What Is Management Derailment?
Management derailment is another way to describe the Peter Principle’s main conclusion: Employees tend to rise to their levels of incompetence. People who do well at their jobs, and who are sometimes on the fast track, often are promoted to positions in which they no longer excel. The Peter Principle implies that executives are aware of their shortcomings and mask them by getting a huge desk or by blaming others. But with management derailment, executives might not even be aware they are doing a bad job.
Bad managers -- typically defined as leaders with poor judgment, who have troubled relationships and who don’t learn from their mistakes -- characterize management derailment. When management derailment occurs, a company inevitably loses money and is left with employees who have low morale and who have endured stress from being subjected to having a bad boss, according to research conducted by Hogan Assessment Systems, a business consulting service. Hogan found that management derailment is a major problem, with two-thirds of managers being “insufferable” and with half failing.
Derailed managers, people who don’t live up to their potential, are likely to be intelligent, but they fail nonetheless. Managers can fail at their position from emotional or business reasons. Some common emotional reasons are insensitivity, arrogance and inflexibility. An inability to handle stress is common to many derailed managers. Successful executives, by comparison, handle stress with composure. They focus on getting the problem solved while maintaining a good working relationship.

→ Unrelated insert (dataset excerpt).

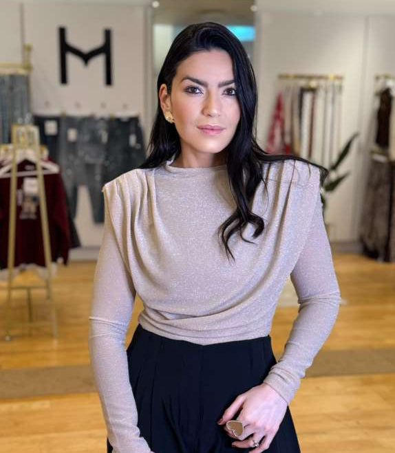 Elegant, modern, and subtly luminous. This long-sleeve blouse features a soft draped front and a delicate shimmering finish for a refined, feminine touch.Perfect to pair with jeans, dress pants, or skirts —ideal for evening events or effortlessly chic looks.
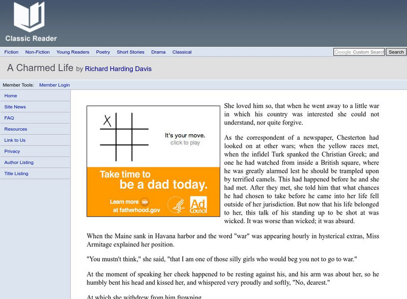 Read the short story "A Charmed Life" by Richard Harding Davis about the dangers faced by a war correspondent during the Spanish American War.

Business reasons that can cause management derailment include not staffing properly, lacking the proper skill set, being unable to think strategically, being too dependent on a mentor and micromanaging employees -- doing the job instead of managing it. Many derailed managers don’t have confidence in their staff and therefore don’t assign the right work to the right people. Managers who are trained for the position instead of being thrown into the job in a sink-or-swim environment have a better chance of being a successful manager.
Managers who believe their performance is better than it is are the ones most likely to be derailed. Self-aware managers who can see their flaws have the greatest chance for success. After gaining self-awareness, managers need to be willing and able to improve the management style. Methods that can work are to have employees rate and give feedback to the manager and to ask for suggestions from staff.